From the start of the 2000s, Dvoryanets took part in various activist causes in public. She partook in the Ukraine without Kuchma mass protest that lasted from 2000 to 2001. Dvorianets was also an active participant in the Orange Revolution in 2004. From late 2013 to early 2014, she actively participated in the Euromaidan protests at Maidan Nezalezhnosti in Kyiv, becoming acquainted with several women in the House of Trade Unions and provided food and drink to fellow activists. According to a colleague of hers, Dvoryanets took part in the protests to ensure the future of her family for generations.

==Personal life==
She was married to the plant worker Ivan Grigoryovych Dvoryanets from 1 May 1973 until her death in 2014 and they had two children. Dvoryanets did embroidery in her leisure time.

==Death==
On 18 February 2014, she peacefully picketed at the Verkhovna Rada before going on to join a barricade on Institutskiy Street near to the upper entrance of Khreshchatyk Metro Station where she was beaten to death by the Berkut Police Force after attempting to protect her fellow protesters. A coroner recorded her cause of death as a heart attack but her family disputed this; her family were required to sign Dvoryanets' death certificate before her ashes could be released to them. She was given a funeral service on the afternoon of 20 February, and she was buried at a cemetery in Brovary.

==Awards==
She was posthumously made an honorary citizen of the City of Brovary during a session of the Brovary City Council in September 2014. In November 2014, president Petro Poroshenko posthumously conferred Dvoryanets the title of Hero of Ukraine with the Order of the Gold Star "For civic courage, patriotism, heroic defense of the constitutional foundations of democracy, human rights and freedoms, selfless service to the Ukrainian people, demonstrated during the Revolution of Dignity."

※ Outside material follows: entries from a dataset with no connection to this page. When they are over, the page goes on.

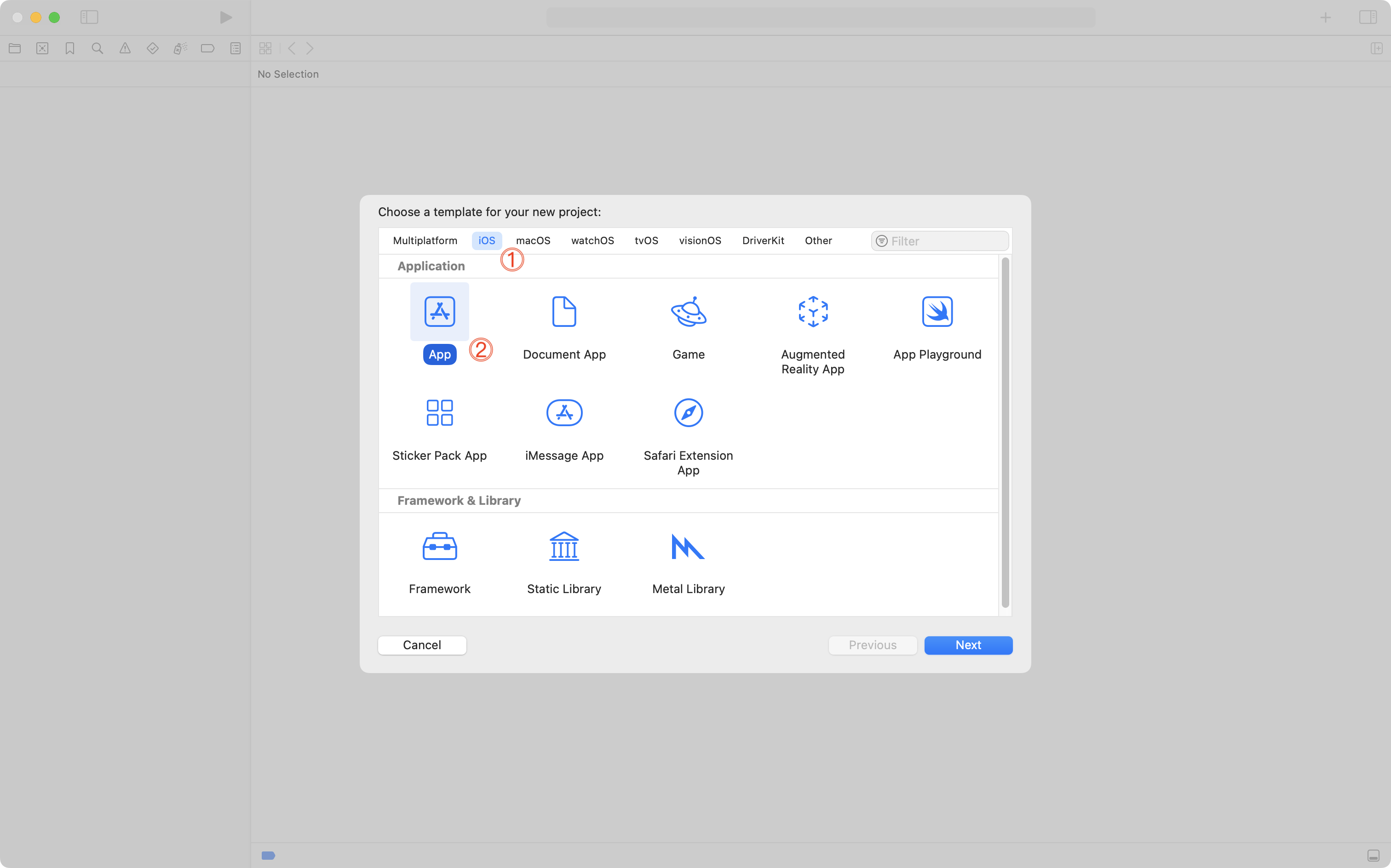 You will see the following window – here, choose the iOS tab, then App, and then Next:
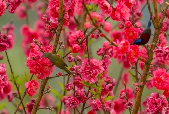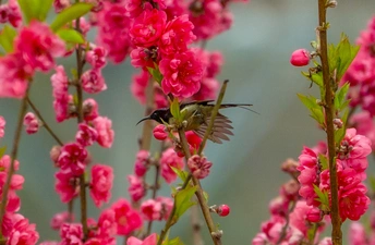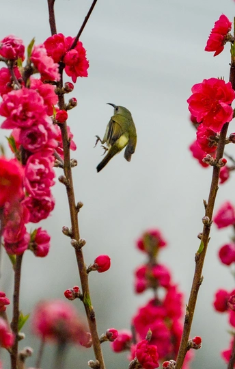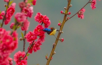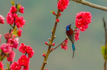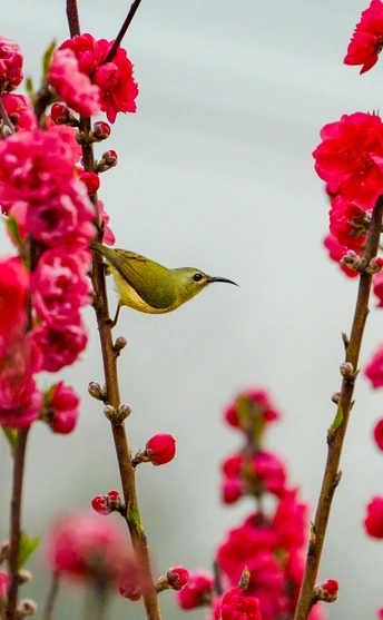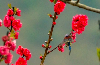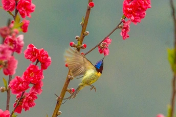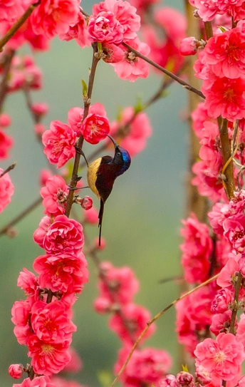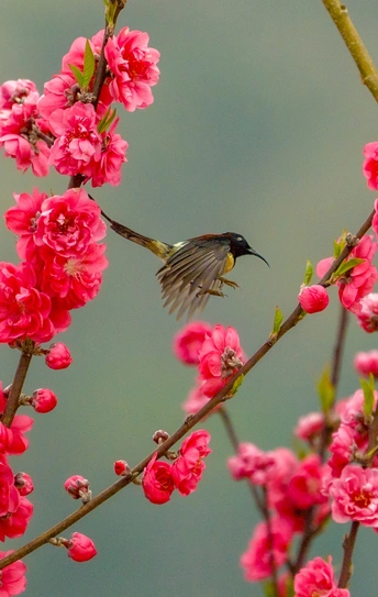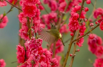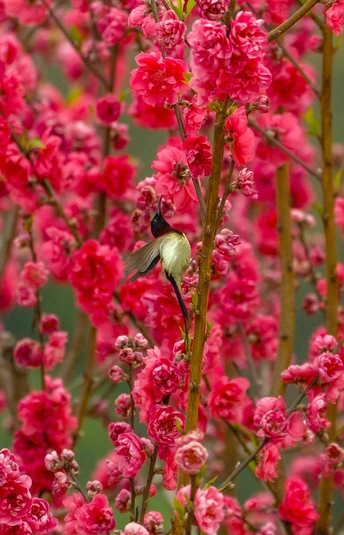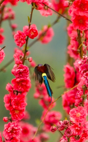 2026年2月22日,贵州省黔西南布依族苗族自治州望谟县天马山,春日融融,繁花盛放,晨光里彩羽翩跹。太阳鸟穿梭花枝间,以细长喙吸食花蜜,灵动身影为春光添韵。 太阳鸟体型小巧、羽色艳丽具金属光泽,被誉为“林间彩宝”,是重要传粉使者。传说凤凰集香木自焚,于烈火中涅槃重生,羽更艳、力更强,象征新生与希望。太阳鸟因羽色如霞光、逐光而栖,被视作凤凰化身,携涅槃祥瑞而来,点亮盎然春意,传递生生不息的美好祝愿。
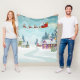 Santa and Reindeer on Christmas Background. Winter Fleece Blanket
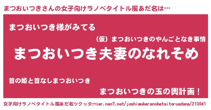 | 胡散臭い通販商品みたいなあだ名 | 『100人中100人が認めたイリジウム磁石…その名も「まつおいつき」』 |
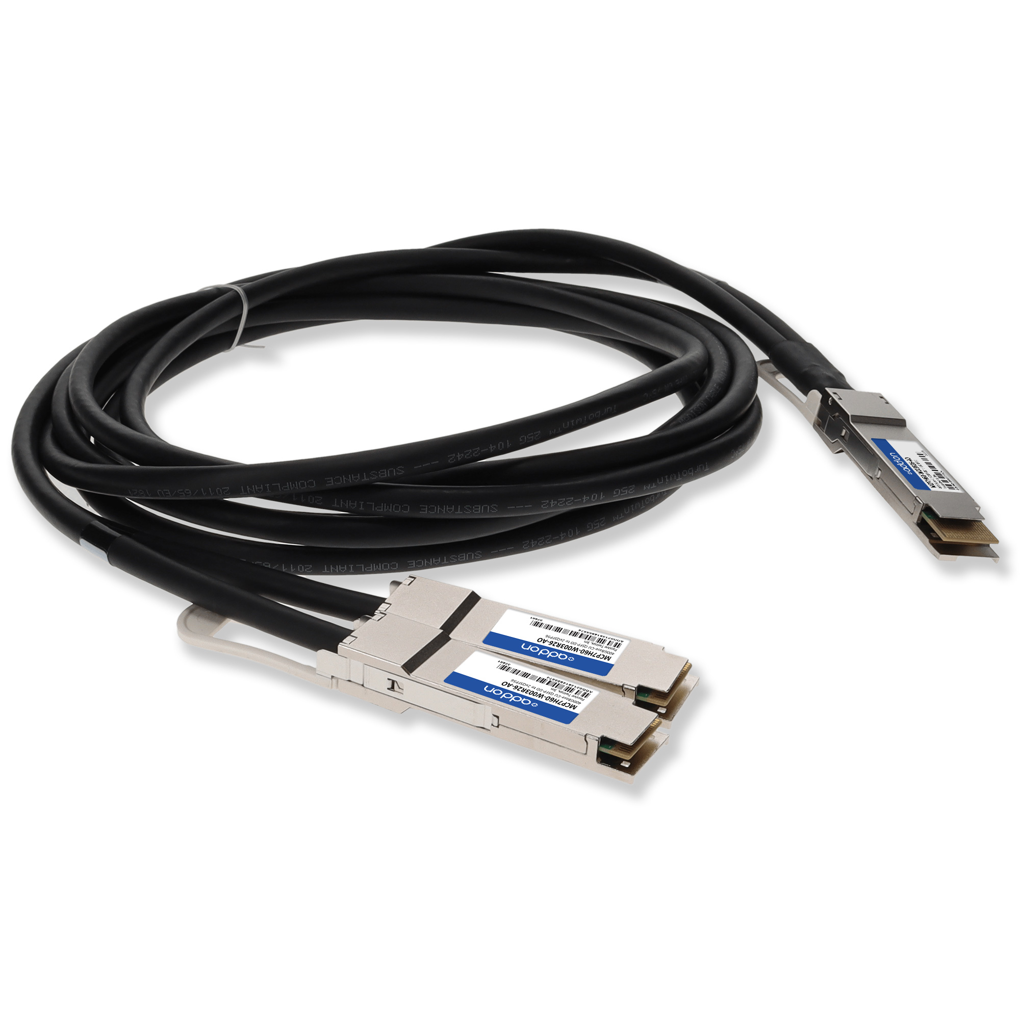 This is a Mellanox® MCP7H60-W003R26 compatible TAA compliant 400GBase-CU QSFP-DD 400G to 2xQSFP56 200G PAM-4 direct attach cable that operates over passive copper with a maximum reach of 3.0m (9.8ft). It has been programmed, uniquely serialized, and data-traffic and application tested to ensure it is 100% compliant and functional. This direct attach cable is TAA (Trade Agreements Act) compliant, and is built to comply with MSA (Multi-Source Agreement) standards. We stand behind the quality of our products and proudly offer a limited lifetime warranty.
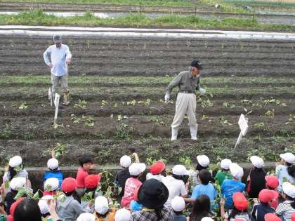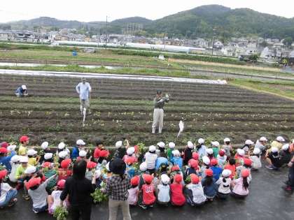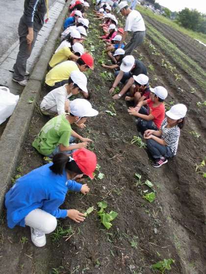今日の午前中に,1,2年生がサツマイモの苗を植えました。地域の方が8人来て下さり,子どもたちに苗の植え方を教えてくださいました。
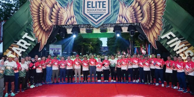 Portalindonews.com | Makassar – Dalam rangka memperingati Hari Ulang Tahun (HUT) ke-80 Tentara Nasional Indonesia (TNI) tahun 2025, Kodam XIV/Hasanuddin menggelar ajang TNI 80 Elite Marathon Piala Panglima TNI yang berlangsung di Lapangan Hasanuddin, Jl. Jenderal Sudirman, Kota Makassar, Minggu (14/9/2025).
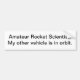 Bumper sticker with the statement "Amateur Rocket Scientist: My other vehicle is in orbit."
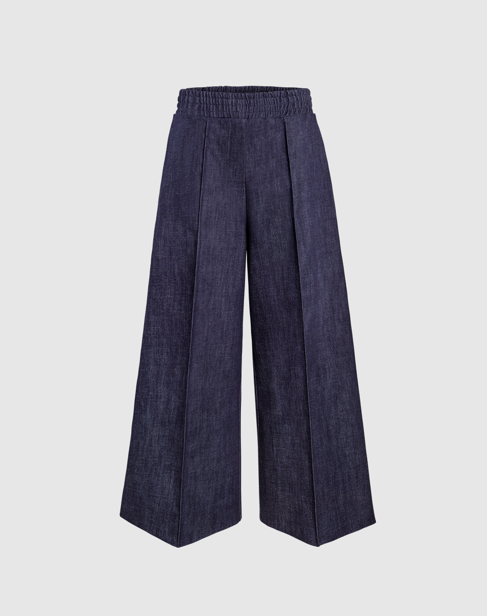 Spodnie jeansowe typu palazzo z szerokimi nogawkami. Spodnie posiadają pas na szerokiej gumie, która stabilizuje a jednocześnie dopasowuje się do obwodu, przez co spodnie są bardzo wygodne w użytkowaniu.
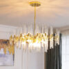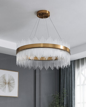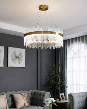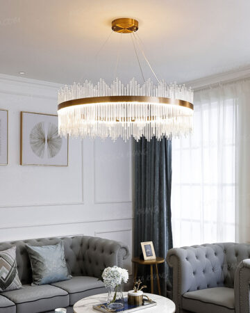 Mẫu đèn chùm sử dụng vật liệu pha lê cao cấp với thiết kế đơn giản nhưng vô cùng nổi bật. Các thanh pha lê cao cấp với độ trong hoàn hảo, truyền sáng ấm cúng cho căn phòng. Sản phẩm là lựa chọn tuyệt vời để trang trí phòng khách hay phòng ăn sang trọng. Đèn có nhiều kích thước phù hợp tùy theo vị trí treo.
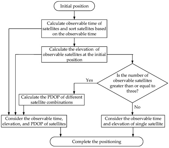 Figure 5 illustrates the satellite selection strategy derived from the above analysis, taking into account the effects of satellite observable time, elevation, and PDOP on positioning accuracy. Initially, the satellite observable time at the current location can be forecasted using two-line orbital element (TLE), and satellites are ranked according to their observation times. Next, based on Equations (13)–(16) presented in Section 4, the elevation of the observable satellites is calculated. Lastly, the satellite PDOP at the initial position is computed, and the optimal satellite combination is selected to facilitate positioning.
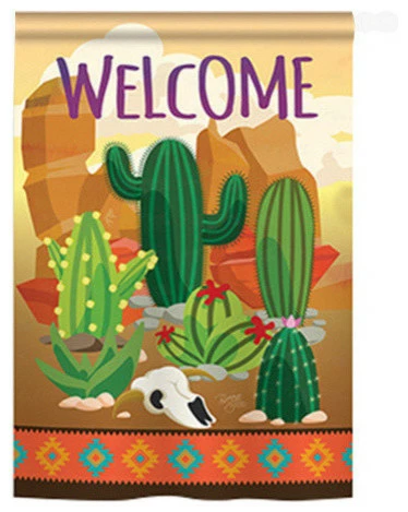 Breeze Decor Southwest Cactus 2-Sided Vertical Impression House Flag
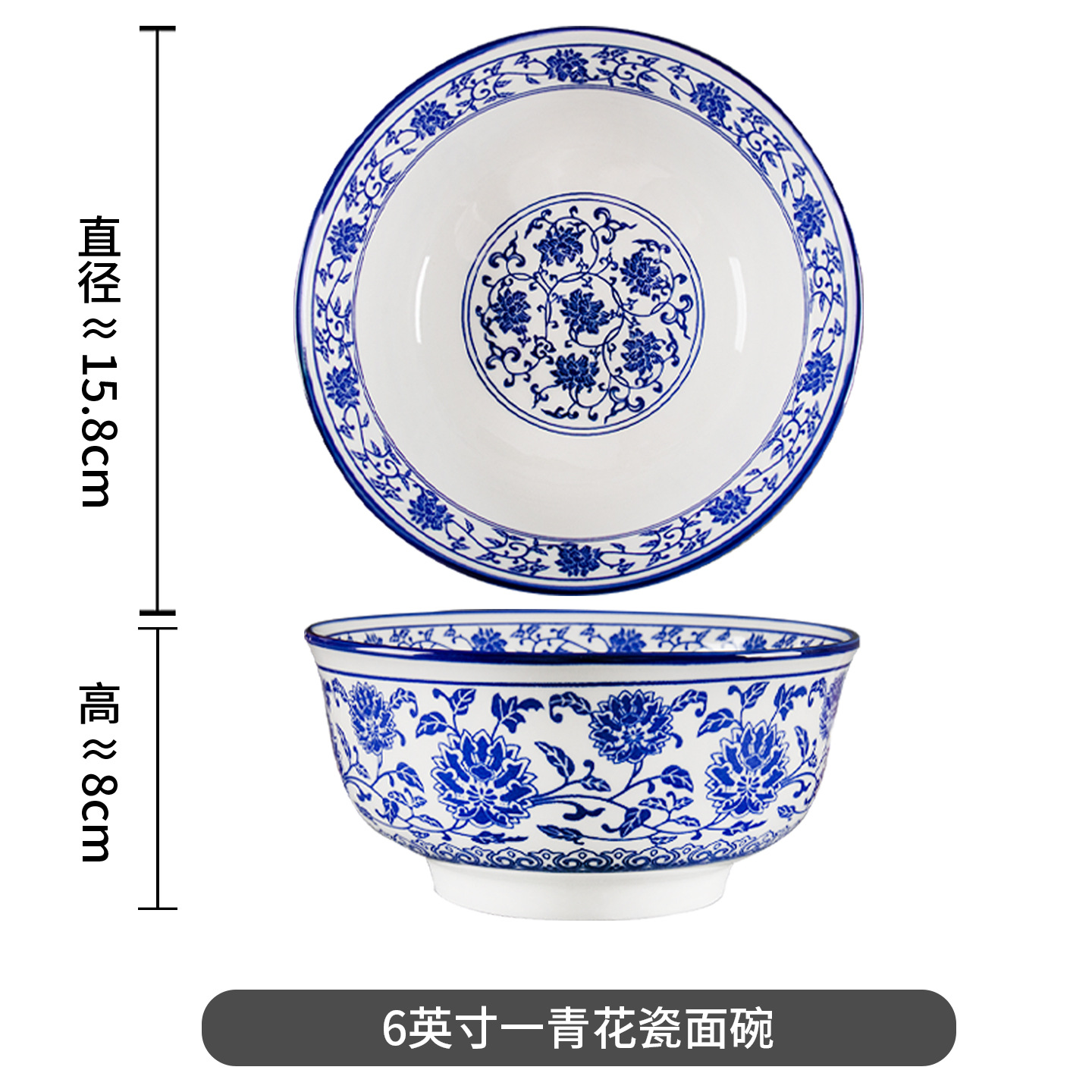 파란색과 흰색 도자기 7 인치 큰 그릇 수프 그릇 국수 그릇 기름 국수 그릇 쇠고기 그릇 조림 국수 그릇 가정용 세라믹 도매
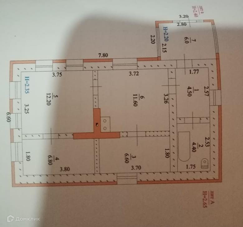 Высота потолков 2.35 м
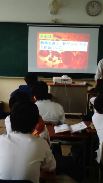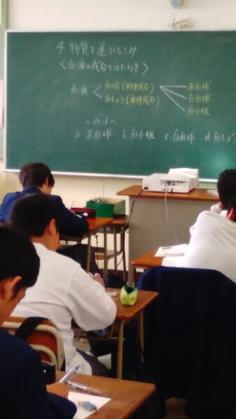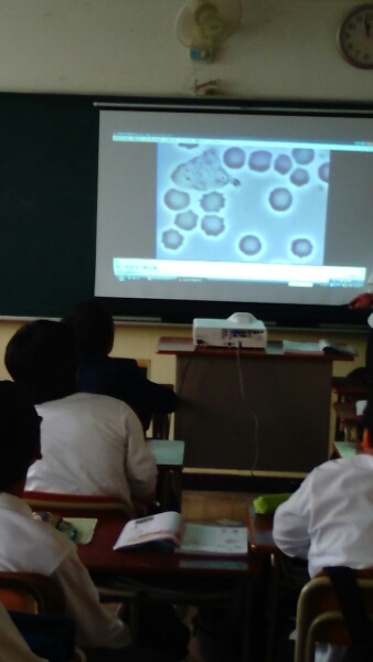 2年生の理科の授業です。「血液の成分やはたらき」について、学習しています。白血球が菌を吸収するところを動画で観察しました。

A memorial plaque dedicated to her was unveiled on the facade of her residence in Brovary in April 2015. Two months later, the Ukrainian Orthodox Church – Kyiv Patriarchate posthumously awarded Dvoryanets the Medal "For sacrifice and love of Ukraine". The Chubarya Brewery Street in Brovary was renamed after her by Brovary City Council on 25 December 2015. The Supreme Archbishop of Kyiv-Halytsk UGCC posthumously conferred her an honorary diploma in May 2016. Dvoryanets's name and portrait are engraved on the memorial of the Heroes of the Heavenly Hundred in Kyiv on Instytutska Street.